Friday, July 5, 2013

Progress as of yet? None whatsoever.

She looked at me after I had pinned her, after I had snapped and harmed her.

"And I said I'd help you with the voices right?" That you did. "We can work on it, alright? I want to help you." and I want to believe that you can. This reaction had surprised me for many reasons. Kids in the past that have witnessed my....fits, we'll just call them fits. Anyways kids in the past that have witnessed my fits tend to avoid me afterwards. Any chance of friendship long gone. I would then be avoided like the plague (with one exception I suppose in the form of Katrina).

I found myself wondering how she hoped to help me. Tori could not even begin to understand what it was like. To hear these voices in your head, could she? It is a possibility I suppose, but how? She is not schizophrenic I assume. She does not have any signs of multiple personality disorder, that I have seen anyways. So how then, would she understand? While at first seeming to be rather simple, and easy to read. I have found that my hostess is rather enigmatic. 

Early that morning she came to fetch me from my room or "cave" as she has began calling it. She went about going over many ways one can ignore the voices in their head. The first idea one that I was to work on was....
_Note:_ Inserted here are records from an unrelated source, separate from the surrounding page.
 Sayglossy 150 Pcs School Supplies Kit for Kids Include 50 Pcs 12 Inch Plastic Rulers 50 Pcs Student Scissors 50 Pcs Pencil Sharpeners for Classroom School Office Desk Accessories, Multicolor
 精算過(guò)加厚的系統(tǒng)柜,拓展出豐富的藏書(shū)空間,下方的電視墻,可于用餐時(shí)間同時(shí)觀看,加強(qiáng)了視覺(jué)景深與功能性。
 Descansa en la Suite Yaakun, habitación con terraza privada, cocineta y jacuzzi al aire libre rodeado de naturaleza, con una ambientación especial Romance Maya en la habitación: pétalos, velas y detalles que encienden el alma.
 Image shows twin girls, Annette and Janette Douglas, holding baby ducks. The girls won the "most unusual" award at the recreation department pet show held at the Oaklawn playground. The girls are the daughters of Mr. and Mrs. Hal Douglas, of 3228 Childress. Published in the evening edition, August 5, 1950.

"Meditation." She stated. I gave her a strange look.

"Meditation? Does that really work?" I asked with doubt clear in my voice. I did not know if something as simple as meditation would work.
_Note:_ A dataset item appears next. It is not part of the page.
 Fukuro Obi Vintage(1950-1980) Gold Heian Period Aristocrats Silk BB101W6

She just stared at me. "Are you doubting me?" she asked.

I looked away quickly, blood rushing to my face. "N-no of c-course not!" I said louder then I had meant to. I looked back to see she was smiling.

"Good, now cross your legs and shut your eyes." I did as I was instructed. "Now I want you to clear your mind. It may be hard at first, but it shouldn't be too hard for you." I focused on doing as I was told. I remembered once reading about meditation. I did not know much but I did know that it was said to help if you focused on something, on anything. I chose what people chose most often. I focused on my breathing.

After what felt like hours (in reality it was only about 20 minutes) I felt something change. I opened my eyes to find that I was in a rather peculiar new environment. The sky was blue not a cloud in sight, nor was there any sun. As I stood to my feet I noticed they felt wet. I looked down to notice ripples in what seemed to be water. It felt as though I was standing on solid ground except I could see none underneath the water.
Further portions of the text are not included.